Posteado el 12 enero, 2016 Por en Críticas, Estrenos con 654 Visitas

Crítica de “45 años”

45 YEARS

45 AÑOS (“45 years”), de Andrew Haigh. 2015.

El único “pero” que tiene “45 años” es que su modestia haga creer al espectador que es una película menor, porque la realidad es que estamos ante una de las mejores películas de los últimos meses. Andrew Haigh, que ya fue aclamado años atrás con “Weekend” (2011), donde  retrataba 48 horas en la vida de una pareja homosexual interpretada por Tom Cullen y Chris New, regresa con la misma inteligencia adaptando un relato corto de David Constantine sobre la verdad (o la ausencia de ella) en las relaciones de pareja.

Podemos decir sin tapujos que Charlotte Rampling, espléndida a todos los niveles, tanto en el físico como en el interpretativo, es la esencia de “45 horas”, pero sería una injusticia no poner al mismo nivel a un sobresaliente Tom Courtenay, que también brilla con luz propia en el papel co-protagonista. La película es directa, y con una sencillez formal sin fisuras nos revela en poco metraje mucho acerca de todo lo que nos afecta e importa de la vida en pareja. Y de cómo un hecho fortuito sucedido muchos años atrás es capaz de moldear nuestras vidas de forma distinta. Éste es precisamente el leitmotiv de la historia: el descubrimiento, 50 años después, del cadáver congelado de Katya, una ex novia alemana de Geoff, con la que tenía unos planes de futuro que fueron truncados por tan fatal accidente. La película trata de cómo podemos cuestionar nuestra felicidad, saboreada día a día, por las dudas que nos asaltan al descubrir un pasaje (silenciado en su momento) de la vida de nuestra pareja.
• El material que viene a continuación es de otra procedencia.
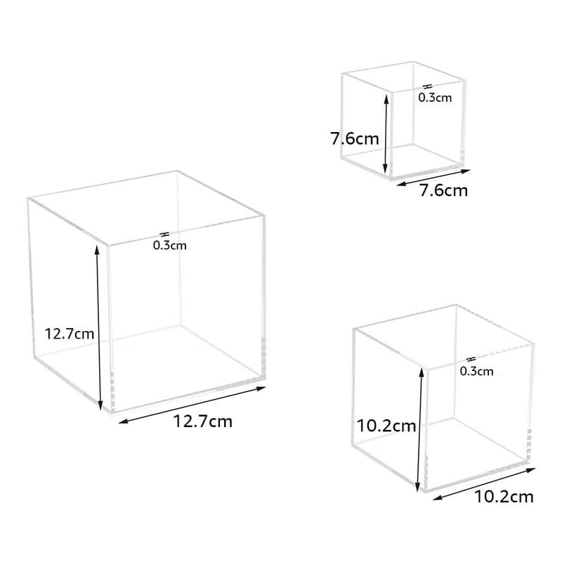 - Versatile 3-Piece Cube Set: Includes three clear acrylic cubes in graduating sizes (4x4x4, 5x5x5, and 6x6x6 inches), providing multiple options for displaying collectibles of various dimensions.
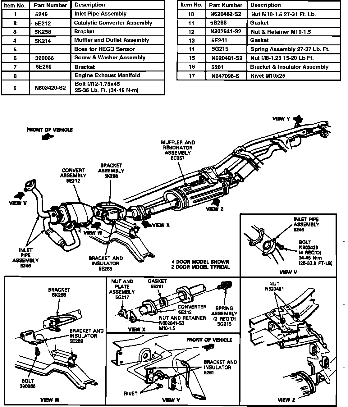 5. Install the converter to the outlet pipe using a new non-asbestos gasket. Install the fasteners and torque to 27-31 lb. ft. (36-42 N-m).

Y cómo este desasosiego puede transformar en negativas muchas de las experiencias disfrutadas.

La acción de la película abarca una semana de lunes a sábado que culminará con la celebración del 45º aniversario de casados de la pareja. Las noticias que llegan de Suiza consiguen romper con su rutina diaria, y entonces descubrimos que el evocador sonido de las diapositivas en los créditos iniciales ya nos anticipaban el regreso de un recuerdo del pasado que amenazaría la estabilidad de la pareja. Del mismo modo, Haigh juega con este aspecto en la escena del desván, donde Kate descubrirá más hechos del pasado de su marido que la sumirán en una profunda desconfianza.

El film resulta tan real como la vida misma, y encantadoramente triste, como triste es el paso del tiempo y la pérdida de confianza en los seres queridos. Triste como la última escena del baile al son de “Smoke gets in your eyes”, de The Platters, la melodía que sonaba el día que se conoció la pareja, y que ahora tiene un irremediable sabor amargo.

En definitiva, “45 años” es una sólida historia con estilo propio en el que reconocemos muchas de la sensaciones dentro de la vida marital, y que debería optar a todos los premios posibles en ambas categorías de interpretación protagonista, tal y como consiguieron en el pasado Festival de Berlin.